As Warren et al. (2009) point out, adults of a few American Celaenorrhinus spp. are crepuscular and/or nocturnal, and roost diurnally in caves (e.g. Bailey 1880; DeVries et al. 1987) or under culverts, but most Celaenorrhinini are active during the day ( Larsen 2005), and crepuscular behaviour has not been reported for African Celaenorrhinus spp. , although there are observations of roosting by day for Sarangesa spp. (below).
All Neotropical food plant records ( Beccaloni et al. 2008), including my own in Trinidad (Cock & Alston- Smith 1990), are from Acanthaceae , apart from one record of C. stola Evans from Rhynchosia longeracemosa (= Dolicholus longeracemosa ) ( Fabaceae ) in Mexico ( Kendall & McGuire 1975). The caterpillars of the two Trinidad species, C. eligius eligius and C. bifurcus Bell are similar to those of C. proxima (Mabille) and related species, treated below (M.J.W. Cock unpublished). The Asian species of Celaenorrhinus have a more varied range of food
Adults always rest with their wings held flat, and when not feeding usually rest underneath leaves, effectively, and confusingly appearing to disappear when they settle. They feed readily at flowers, when they are easily caught. I have not observed them to feed at water, urine or faeces, but Larsen (1991) records an observation of C. bettoni Butler feeding at faeces, and Kielland (1990) observed C. uluguru Kielland attracted to mud on the road.

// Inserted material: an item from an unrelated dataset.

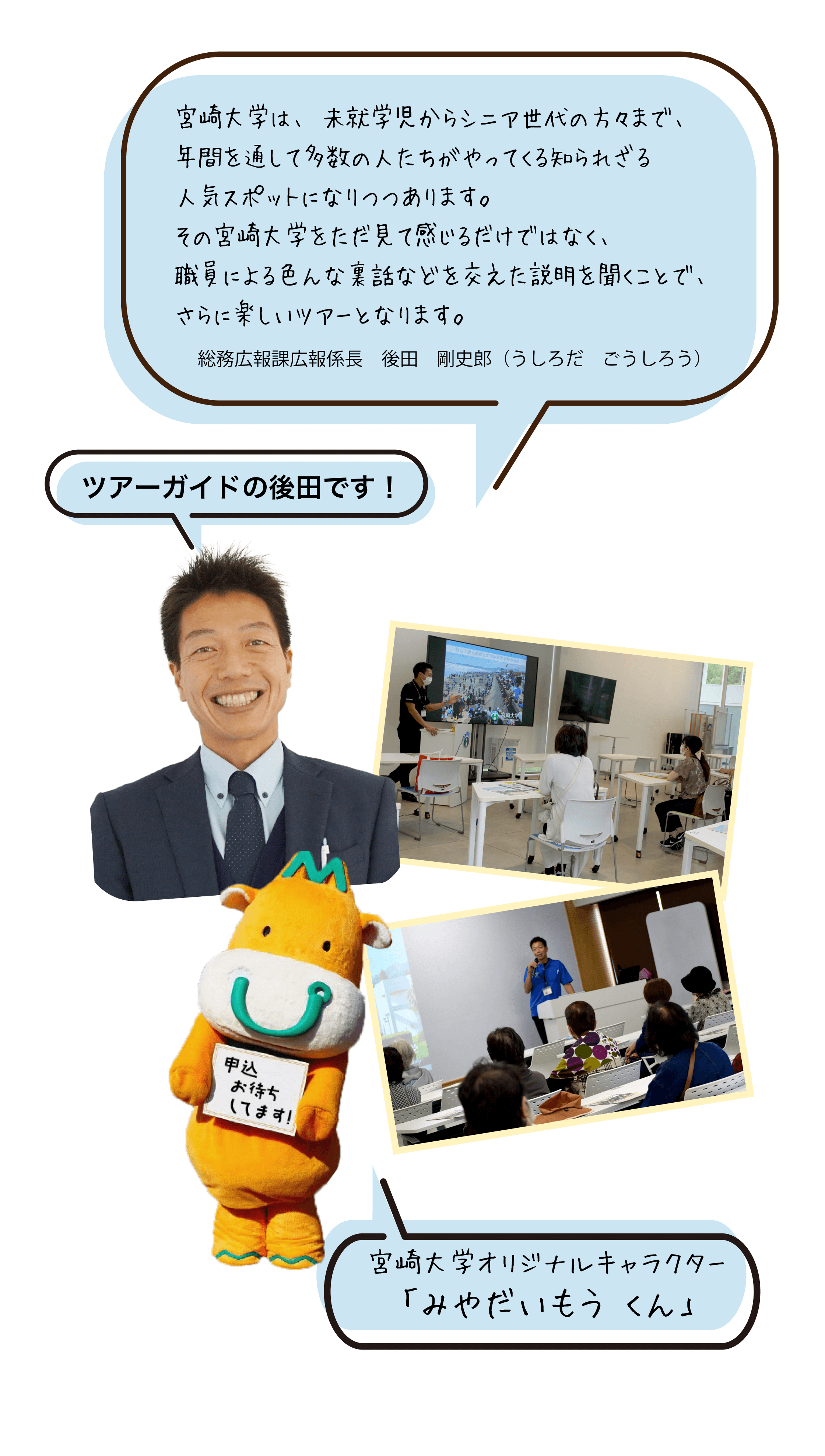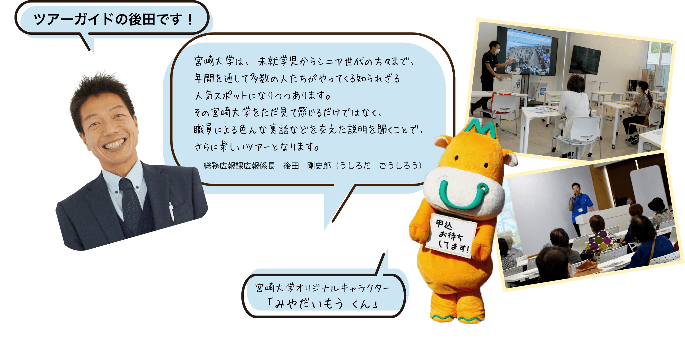 宮崎大学を大学職員がご案内いたします。学内をいろいろと散策しながら、見て・聞いて・知ってもらえるコースです。

The caterpillars are all quite similar, and not readily used to distinguish species. There are also several pairs or groups of closely related species with very similar caterpillars; hence, all caterpillars, but especially those from new host plants, should be reared from sites such as Kakamega Forest where species of unknown biology are to be found. Although all caterpillars appear to have smooth bodies without setae, microscopic examination at x40 shows that all have scattered very short, pale, stalked, stellate setae.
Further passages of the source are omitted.